◆ **WORK TASK**
Copy the data exactly. Images are to be left out.

◆ **RECORDS TO USE**
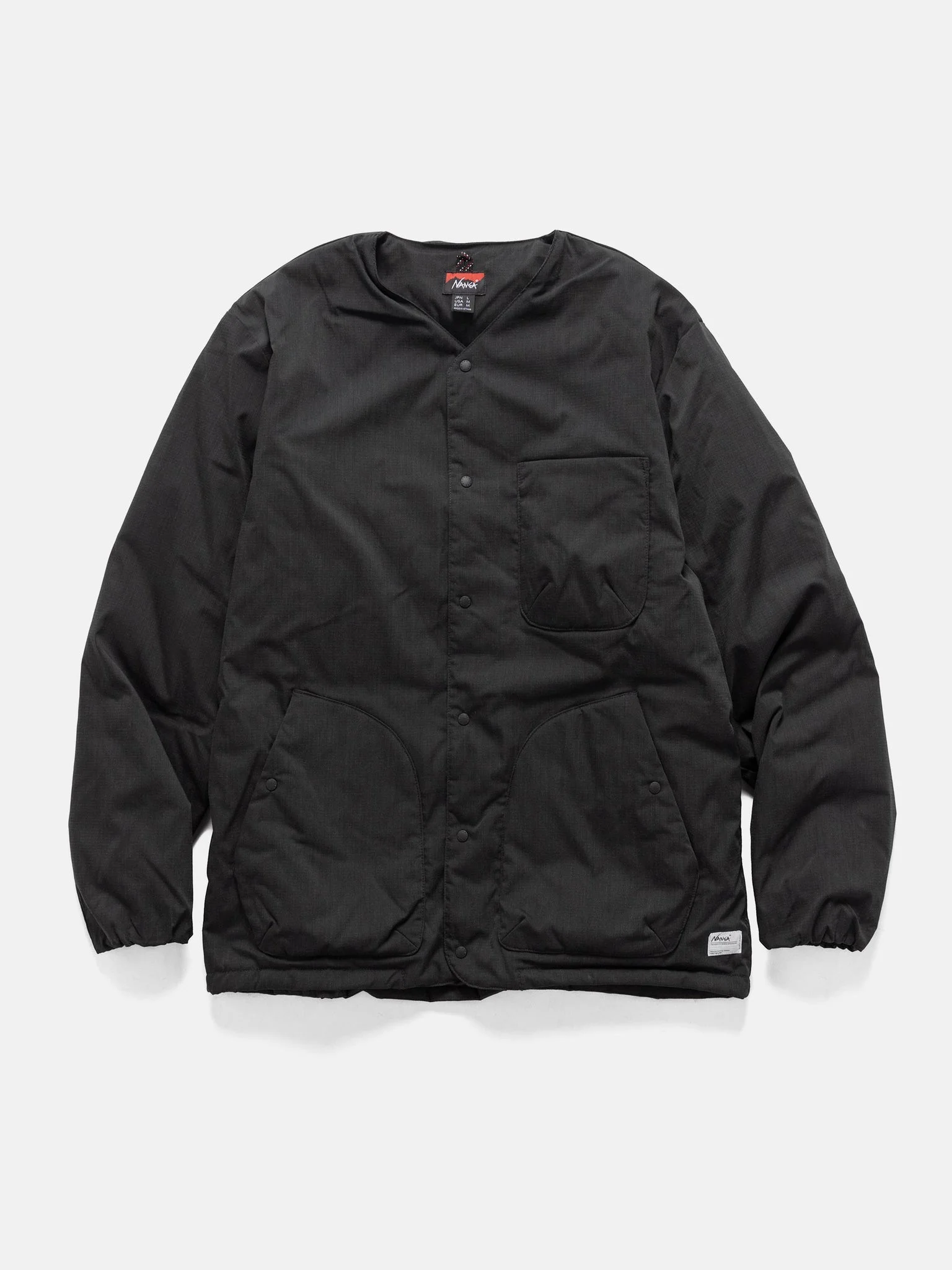 The NANGA Hinoc Ripstop Inner Down Cardigan blends technical performance with everyday versatility. Made from NANGA’s flame-retardant Hinoc ripstop fabric, it’s soft, durable, and naturally stretchy. Filled with high-quality, ultra-water-repellent UDD DX Spanish duck down, it resists moisture while keeping you warm. Lightweight and collarless, it works seamlessly as an outer layer in milder months or as a cozy insulating layer under a shell, making it a versatile wardrobe essential. DETAILS - ND2441-1M300 - Shell: 96% Polyester, 4% Aramid - Lining: 100% Nylon - Fill: 90% Down, 10% Feather - Hinoc Ripstop - NANGA's proprietary flame-retardant material - UDD DX Spanish duck down - 770 fill power - Ultra-water-repellent finish down - Regular fit - Articulated patterning - V-neck Collar - Snap front closure - Snap closure patch hand pockets - Patch chest pocket - Elasticized cuffs and hem - Embroidered label at hem - Made in Vietnam
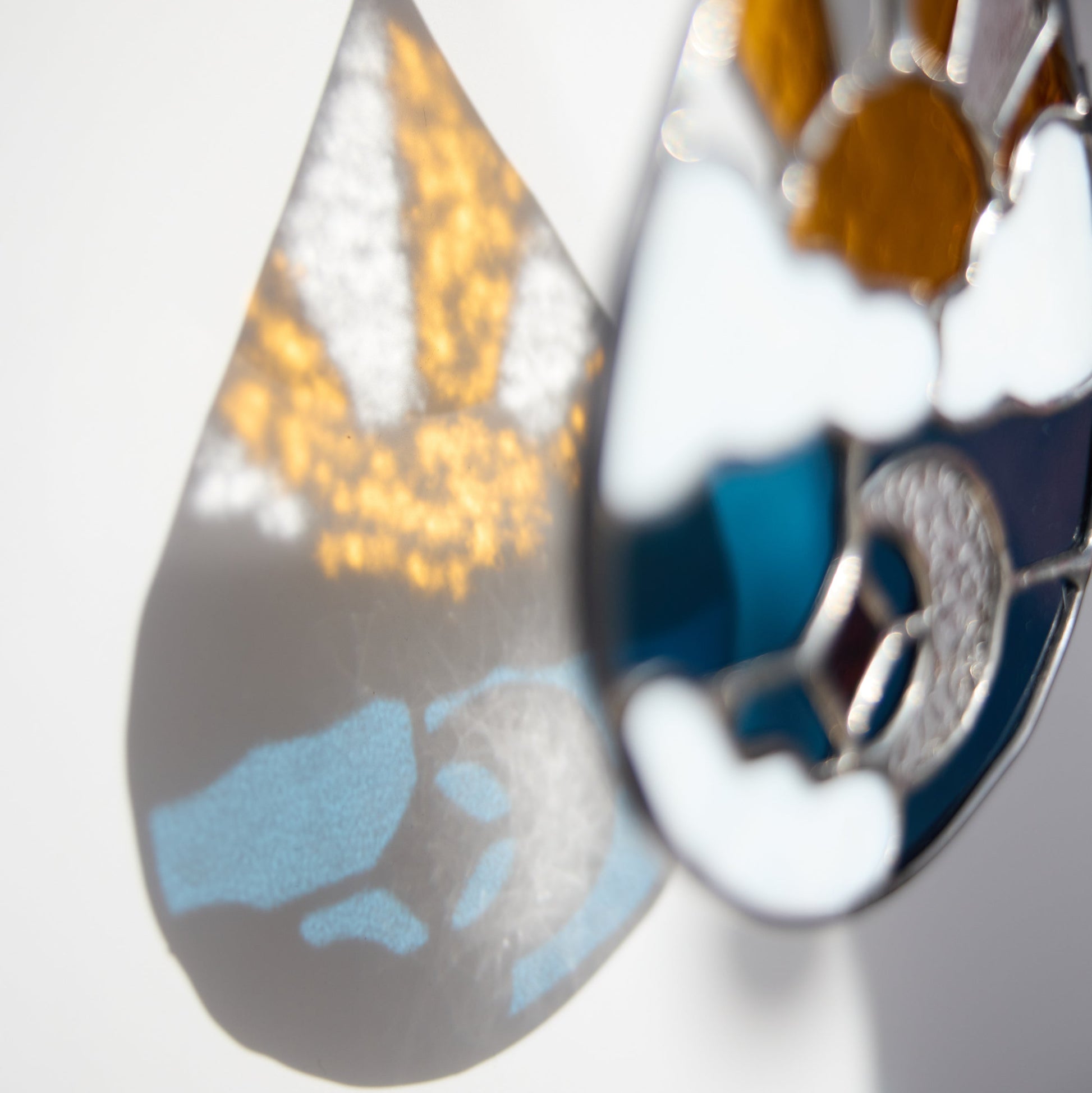 - Forme : Goutte avec en partie haute un lever de soleil, et en partie basse un ciel étoilé
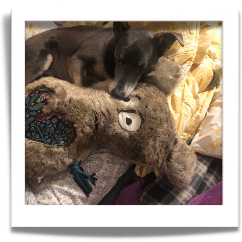 Your product is truly cute in its ugliness… our Caro loves her new friend and sleeps with it every night.
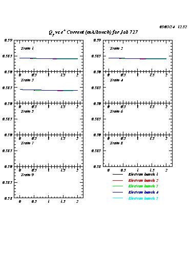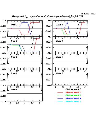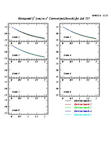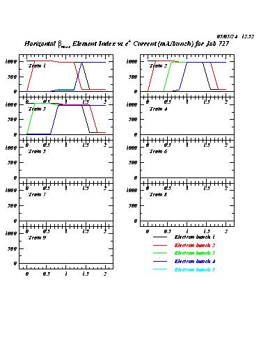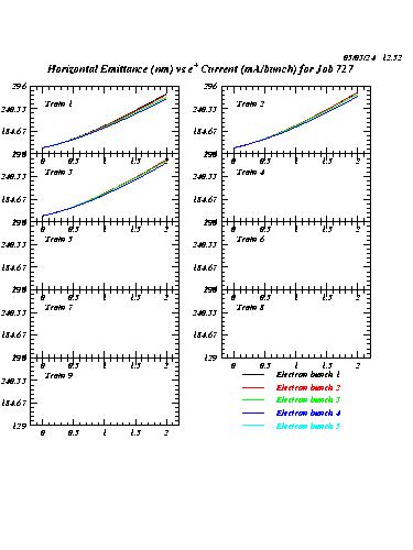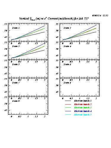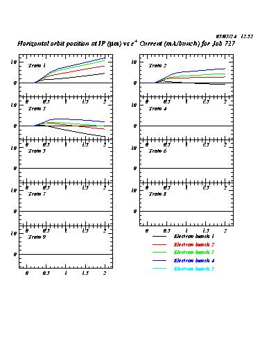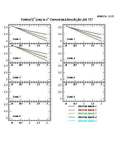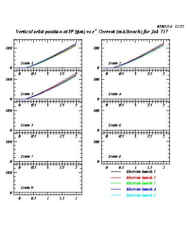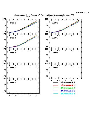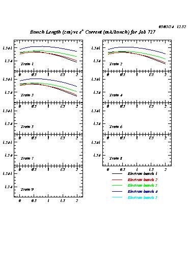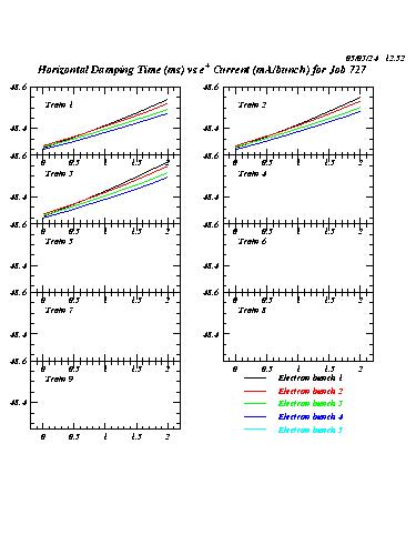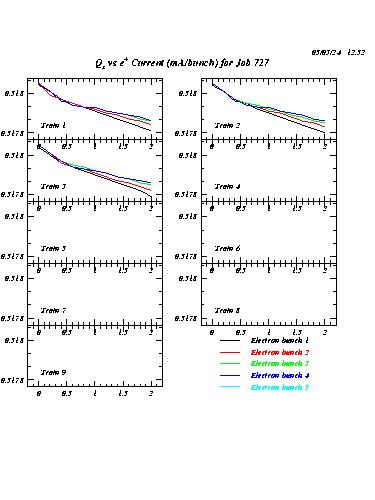 9x4 positron bunches, uniformly filled. Design pretzel. Tunes set to 0.518/0.584 and held constant independent of positron bunch current. Sync tune 35 kHz.
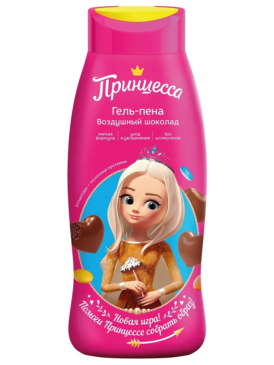 Принцесса Гель-пена Воздушный шоколад 400мл. Важность правильного ухода за детской кожей сложно переоценить. Средства по уходу за кожей от Принцессы — это сочетание мягкого очищения, питания и увлажнения, это целый мир ароматов и ощущений! Как здорово, когда в одном продукте сочетается мягкий состав, адаптированный под особенности детской кожи, и целое море ароматного удовольствия! Настоящим сладкоежкам посвящается! Невероятно вкусный и воздушный! Гель-пена - просто незаменимое средство для бережного ухода и мягкого очищения детской кожи, делает ее гладкой и бархатистой, а шоколадный аромат придает бодрость и солнечное настроение.

◆ **TASK RESULT**
 The NANGA Hinoc Ripstop Inner Down Cardigan blends technical performance with everyday versatility. Made from NANGA’s flame-retardant Hinoc ripstop fabric, it’s soft, durable, and naturally stretchy. Filled with high-quality, ultra-water-repellent UDD DX Spanish duck down, it resists moisture while keeping you warm. Lightweight and collarless, it works seamlessly as an outer layer in milder months or as a cozy insulating layer under a shell, making it a versatile wardrobe essential. DETAILS - ND2441-1M300 - Shell: 96% Polyester, 4% Aramid - Lining: 100% Nylon - Fill: 90% Down, 10% Feather - Hinoc Ripstop - NANGA's proprietary flame-retardant material - UDD DX Spanish duck down - 770 fill power - Ultra-water-repellent finish down - Regular fit - Articulated patterning - V-neck Collar - Snap front closure - Snap closure patch hand pockets - Patch chest pocket - Elasticized cuffs and hem - Embroidered label at hem - Made in Vietnam
 - Forme : Goutte avec en partie haute un lever de soleil, et en partie basse un ciel étoilé
 Your product is truly cute in its ugliness… our Caro loves her new friend and sleeps with it every night.
 9x4 positron bunches, uniformly filled. Design pretzel. Tunes set to 0.518/0.584 and held constant independent of positron bunch current. Sync tune 35 kHz.
 Принцесса Гель-пена Воздушный шоколад 400мл. Важность правильного ухода за детской кожей сложно переоценить. Средства по уходу за кожей от Принцессы — это сочетание мягкого очищения, питания и увлажнения, это целый мир ароматов и ощущений! Как здорово, когда в одном продукте сочетается мягкий состав, адаптированный под особенности детской кожи, и целое море ароматного удовольствия! Настоящим сладкоежкам посвящается! Невероятно вкусный и воздушный! Гель-пена - просто незаменимое средство для бережного ухода и мягкого очищения детской кожи, делает ее гладкой и бархатистой, а шоколадный аромат придает бодрость и солнечное настроение.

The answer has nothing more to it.